### The problem
Exact copies of the lines below, from the one with "En este patio" up to and including the one with "Demà dimecres també", are what this calls for; leave out pictures.

****************

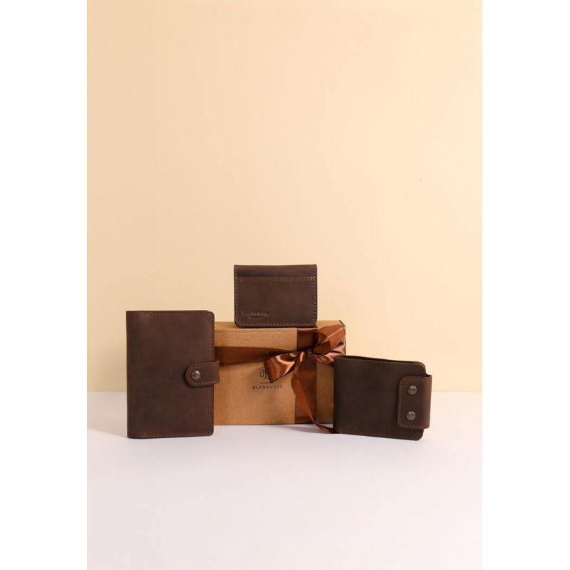 Как часто при выборе подарка мы мечемся из магазина в магазин, перерываем тонны информации на сайтах в поисках достойного подарка для друга, коллеги или члена семьи. Чтобы сделать вашу жизнь проще, а выбор подарков не утомительным, мастерская BlankNote создала подарочные наборы из самых необходимых предметов в повседневной жизни. Мы подобрали изделия, которые дополняют друг друга по функционалу, стилю, а также цветовой гамме. В подарочный Набор аксессуаров "Лион" входит: Мужское кожаное портмоне Zeus 9.0 темно-коричневое (BN-PM-9-o) Стильное компактное портмоне. Два отделения для купюр, отделение для карт и монетница. Обложка на паспорт 3.0 Стильная и функциональная обложка для паспорта, в которой поместится не только паспорт, а и пластиковые карты, или например, водительские права. Кожаная обложка для ID-паспорта и водительских прав 4.0 темно-коричневая (BN-KK-4-o) . Удобный кард-кейс для хранения документов, которые необходимо время от времени демонстрировать: водительские права, пропускной для работы, студенческий, ученический, проездной на метро и т.д. Имеет 2 кармашка с окошком и 1 обычный. Открытка с важными словами, которые мотивируют! Фурнитура и комплектация может быть изменена производителем Гарантия – 3 года ВНИМАНИЕ! Выделка данной кожи предполагает естественное появление на ней царапин и потертостей в ходе использования! От этого изделие становится более индивидуальным и приятным, это оценят настоящие поклонники винтажного стиля:) А так же первое время кожа может краситься при сильном трении об другие предметы - это особенность её выделки, постепенно этот эффект уменьшается, кожа полируется и приобретает чуть глянцевый эффект.
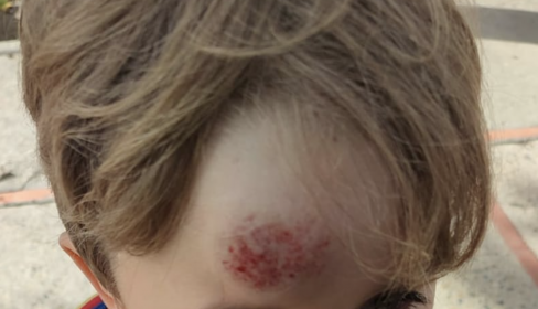 En este patio disfrutan a diario niños y niñas de entre tres y cinco años. Sin embargo, la isleña apunta que no está en buenas condiciones desde hace muchos años y que las raíces de los árboles han levantado el suelo, dando lugar a salientes que suponen un riesgo. "Estaba trabajando y la persona que lo recogió y lo llevó corriendo al médico me ha dicho que la foto no es nada en comparación a cómo tenia mi hijo la frente", lamenta.
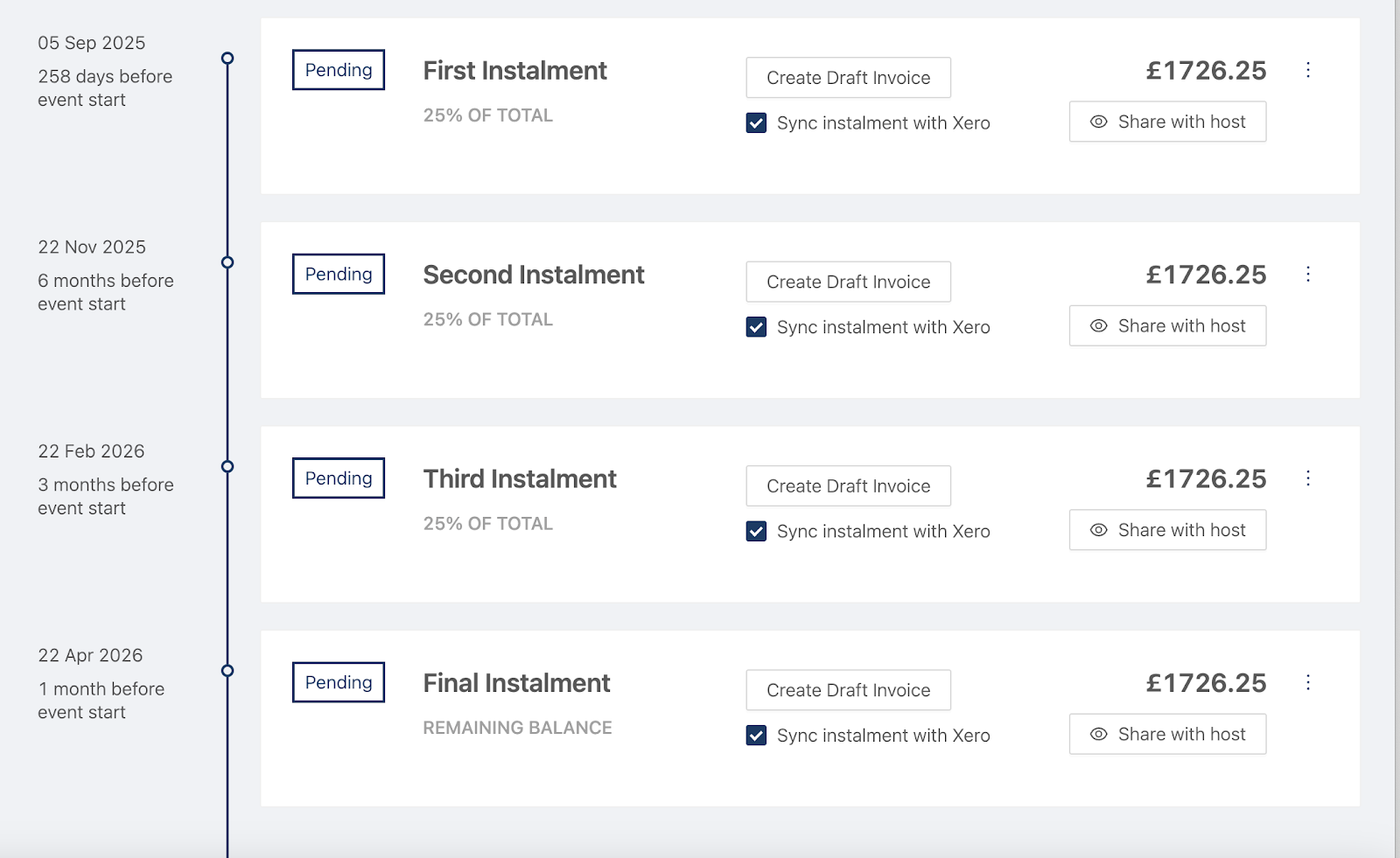 Create invoices and share instalments with hosts with the click of a button.
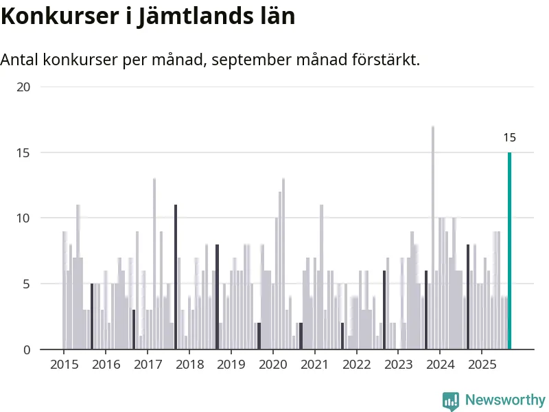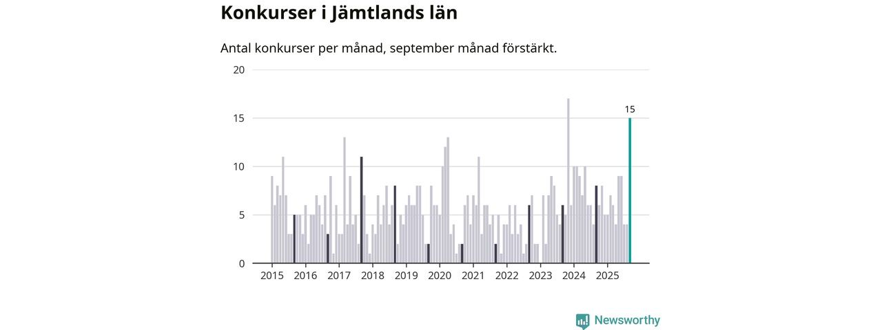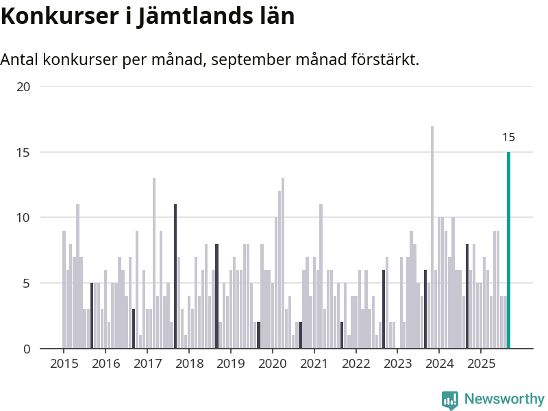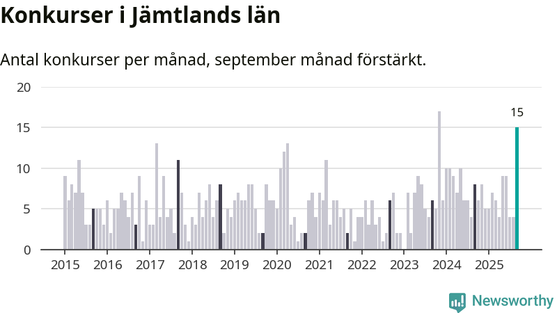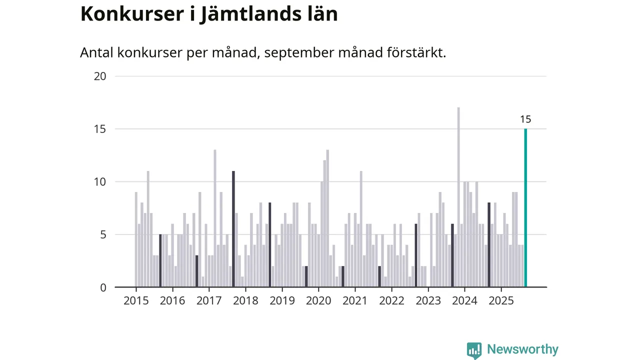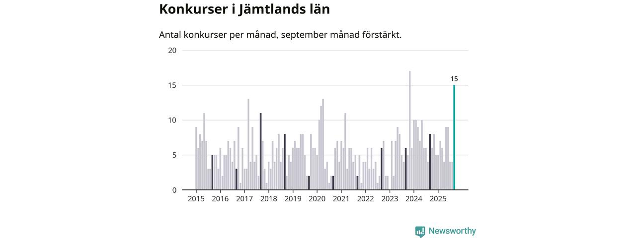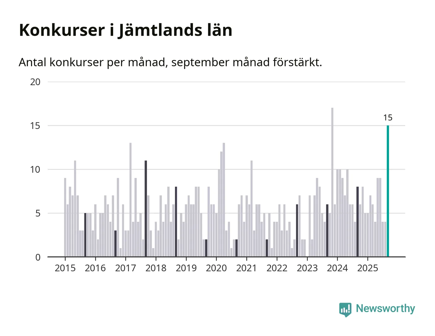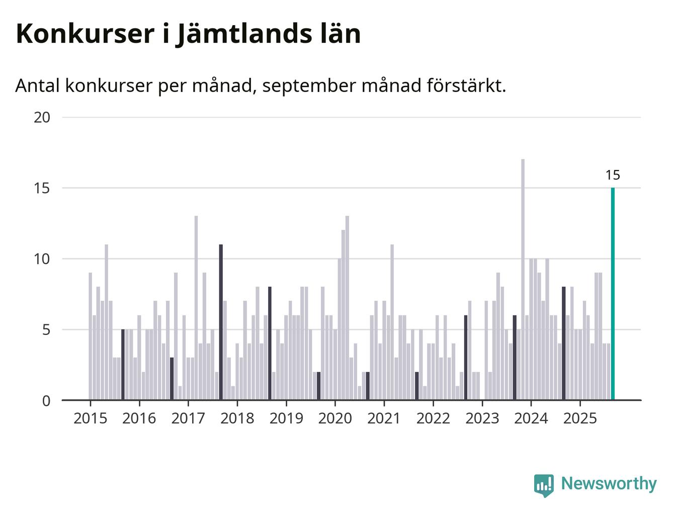 Under september månad gick 15 bolag i konkurs i Jämtland. Det är fler än normalt för den här tiden på året sett till de senaste tio åren. I fjol noterades åtta konkurser under september.
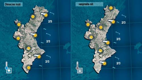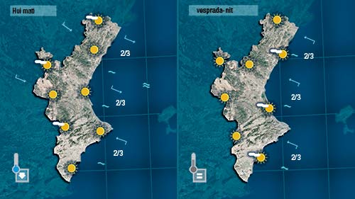 Demà dimecres també començarem el dia amb ambient fresc. Les temperatures començaran a repuntar quan calfe el sol i desfaça les boires que puguen formar-se a les zones més fondes i els núvols baixos que puguen hi haure a primera hora a la franja costera.
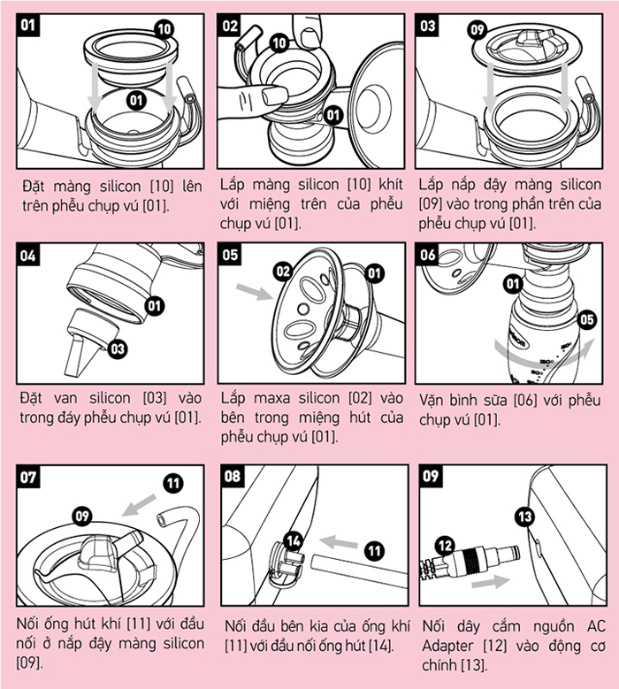 Cách lắp đặt Máy hút sữa điện đôi có pin sạc Premium Allegro UM872002

****************

### Expected answer
 En este patio disfrutan a diario niños y niñas de entre tres y cinco años. Sin embargo, la isleña apunta que no está en buenas condiciones desde hace muchos años y que las raíces de los árboles han levantado el suelo, dando lugar a salientes que suponen un riesgo. "Estaba trabajando y la persona que lo recogió y lo llevó corriendo al médico me ha dicho que la foto no es nada en comparación a cómo tenia mi hijo la frente", lamenta.
 Create invoices and share instalments with hosts with the click of a button.
 Under september månad gick 15 bolag i konkurs i Jämtland. Det är fler än normalt för den här tiden på året sett till de senaste tio åren. I fjol noterades åtta konkurser under september.
 Demà dimecres també començarem el dia amb ambient fresc. Les temperatures començaran a repuntar quan calfe el sol i desfaça les boires que puguen formar-se a les zones més fondes i els núvols baixos que puguen hi haure a primera hora a la franja costera.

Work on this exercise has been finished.